Jovan Gerbscheid (Feb 05 2025 at 18:04):

Then the second option would be the best one I think.

Matthew Ballard (Feb 05 2025 at 18:10):

I'd :+1: if this were an RFC (and someone linked to it)

Jovan Gerbscheid (Feb 05 2025 at 20:35):

lean#6960

Damiano Testa (Feb 05 2025 at 20:36):

lean4#6960

Jovan Gerbscheid (Feb 21 2025 at 13:46):

My result is that with only a few modifications in Mathlib, disabling dsimp in proofs gives a speedup of 0.83% in Mathlib. (https://github.com/leanprover-community/mathlib4/pull/21519#issuecomment-2655534838)

This is great, but there are also some slowdowns. Looking more closely into this, I found that the simp lemma CategoryTheory.LiftRightAdjoint.constructRightAdjointEquiv_symm_apply, which is generated by simps!, has a RHS that contains a big proof term. This proof term would have been smaller if dsimp (which is called by simp!) had simplified it. And rw has the same issue as dsimp of trying to rewrite proof terms, causing the slowdown.

So this slowdown could be solved by either of

Not allowing rw to rewrite proofs. Although rw doesn't instantiate bound variables, we can still check for most proofs using Lean.Meta.isProofQuick.
Expand the function Lean.Elab.abstractNestedProofs so that it also abstracts nested proofs inside the type of a definition, not just inside the value.

Of course these can come with set_options to turn them off in the very rare case that you do want to rewrite a proof.

Jovan Gerbscheid (Feb 21 2025 at 13:51):

Interestingly, docs#RelSeries.ext has a proof that genuinely needs to simplify a proof, because it eliminates some variable x from appearing on the RHS of h : x = _, followed by subst h.

Eric Wieser (Feb 21 2025 at 16:45):

Jovan Gerbscheid said:

Interestingly, docs#RelSeries.ext has a proof that genuinely needs to simplify a proof, because it eliminates some variable x from appearing on the RHS of h : x = _, followed by subst h.

This sounds like simplification of the type of a proof, not of the proof itself.
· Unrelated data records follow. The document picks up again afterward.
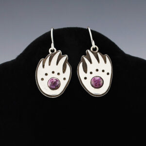 Beautiful earrings hand made out of sterling silver and Pink Conch by Navajo silversmith Mekechto Jim. These wonderful earrings will become a versatile accessory in your jewelry collection. Weighs 14 grams. 1 1/8″ x 1 5/16″ With ear wires are 1 15/16” in length Artist card included...
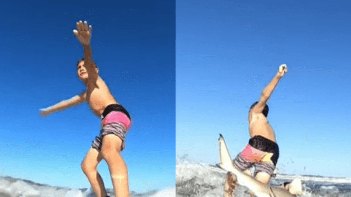 Una cámara logró captar el momento en que un niño fue golpeado por un tiburón mientras surfeaba junto a su padre y se ha hecho viral.
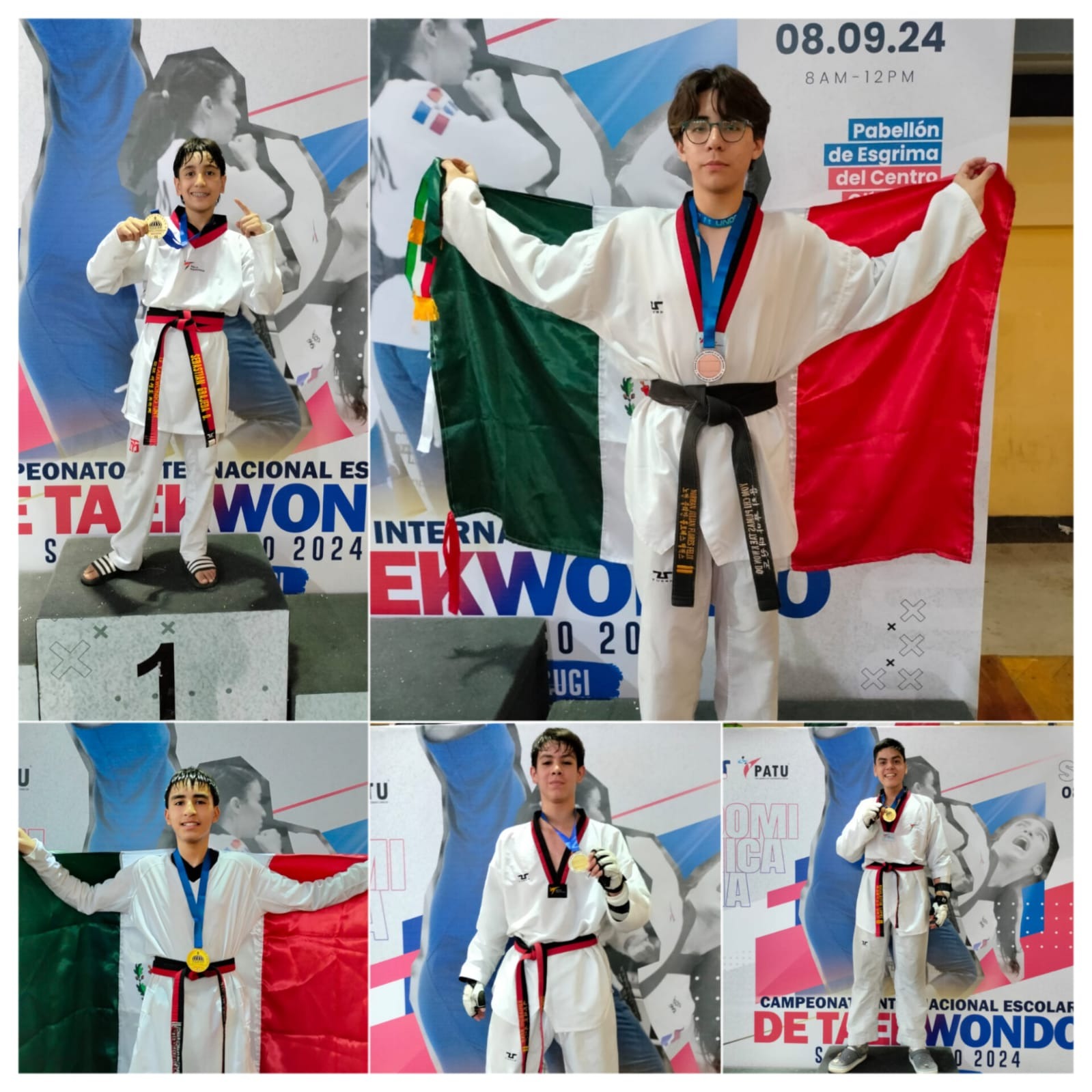 Hermosillo, Sonora; 8 de septiembre de 2024.- Con un total de cinco medallas de oro, una de plata y una de bronce, estudiantes deportistas sonorenses destacaron en el Campeonato Internacional de Taekwondo Escolar, que se llevó a cabo en Santo Domingo, República Dominicana, anunció la Secretaría de Educación y Cultura (SEC).
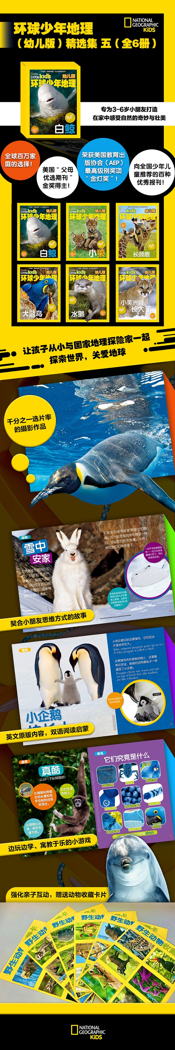简单的故事有助于学前科普及幼儿双语阅读 清晰、大字体的印刷对孩子们认知字母及中文非常有帮助 认知动物 有趣的事实有助于孩子们认知动物,彩色的图片有助于孩子观察、了解身边的各种动物 学中玩 玩中学 有趣的迷宫、谜语等互动游戏有助于孩子们学到知识 动物收藏卡 全球13个国家40多位美国《国家地理》的*摄影师拍摄的野生动物卡,卡后的趣味知识连父母也不一定知道 美国出版界及家长的认可 美国国家地理幼儿版得到了教育出版协会及广大家长的认可,包括获得美国教育出版商协会颁发的*荣誉“金灯奖”,并且连续三年获得美国年度期刊奖Parents' Choice Award金奖,被全世界很多家长推崇为杂志。
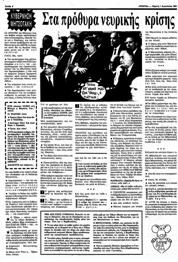 Βρήκαμε στο αρχείο μας και σας παρουσιάζουμε, ολόκληρο το ρεπορτάζ από το επεισόδιο ανάμεσα στη Μαρίκα Μητσοτάκη και τον υποψήφιο Πρόεδρο της Δημοκρατίας Σταύρο Δήμα, που εκτυλίχθηκε στις 27 Ιούλη του 1991 και δημοσιεύτηκε στο «Π» την 1η Αυγούστου της ίδιας χρονιάς.
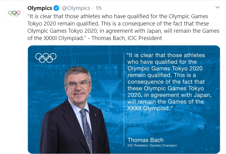 "It is clear that those athletes who have qualified for the Olympic Games Tokyo 2020 remain qualified. This is a consequence of the fact that these Olympic Games Tokyo 2020, in agreement with Japan, will remain the Games of the XXXII Olympiad." - Thomas Bach, IOC President," Olympics official Twitter handle wrote.
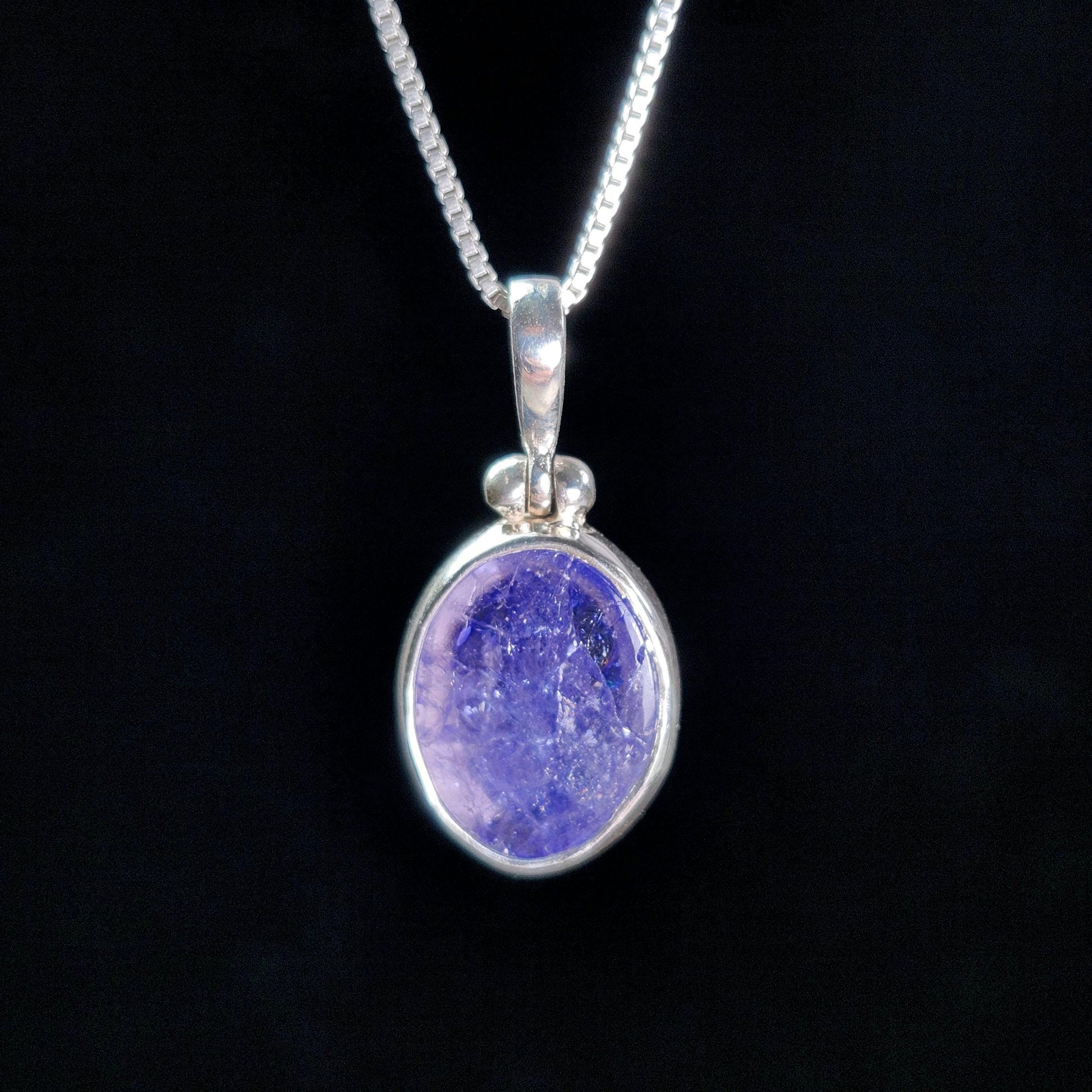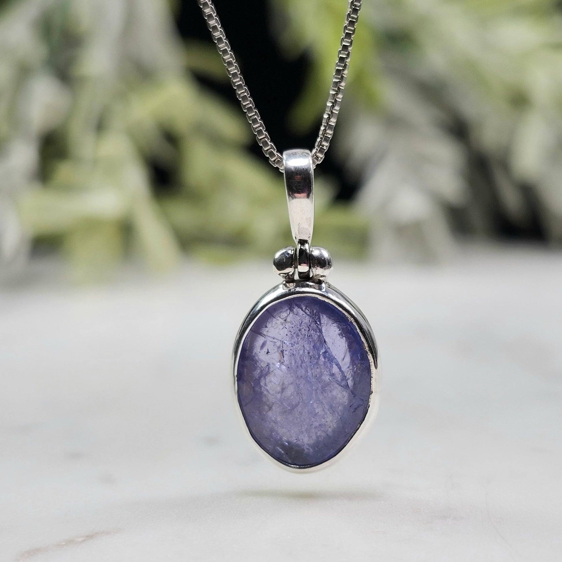 This polished Tanzanite has a gemmy indigo coloring and a slight translucence. It contains an internal fracture that doesn't take away from its natural beauty. This crystal has been custom created into a sturdy piece of jewelry using .925 Sterling Silver. This pendant measures approximately 20mm by 9mm. The silver chain used in the photos is to help envision how this pendant will look while adorned but is not included in the listing.
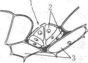 柽柳属叶上的盐腺 1.孔 2. 分泌细胞 3.收集细胞 |
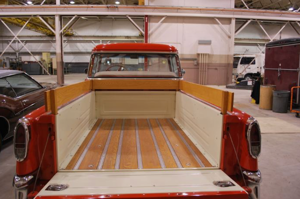 This vehicle has 15,451 miles on it and is in very good over condition. It is equipped with a 265 cid engine and an automatic transmission. Extra include cloth interior, seat belts, AM radio, visors, dual mirrors, and dual exhaust. It also has white wall tires with full wheel covers. The truck bed has a finished wood floor and removable wood bed sides. The body and paint, as well as the chrome, trim, and interior, are all in very good condition.
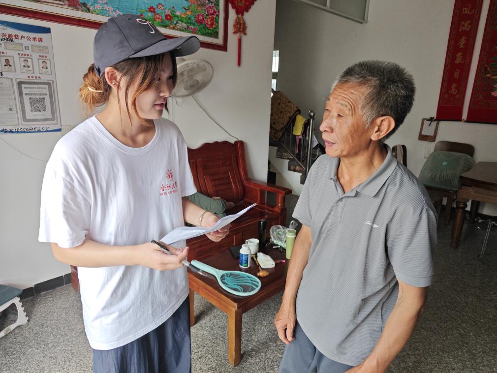 图为调研团成员入户走访调查

It would be great to distill an example of proof-rewrites-which-matter down to a mathlib-free example, but that's obviously a rather big ask.

Jovan Gerbscheid (Feb 21 2025 at 16:50):

Yes, but the simplification happens inside of a proof term

Kyle Miller (Feb 21 2025 at 16:50):

I'm wondering if generalize_proofs would help here, which is often the answer where there's a dependence in a proof.

Kyle Miller (Feb 21 2025 at 16:53):

Oh, interesting, in RelSeries.ext, the dsimp is causing the type of the proof to change.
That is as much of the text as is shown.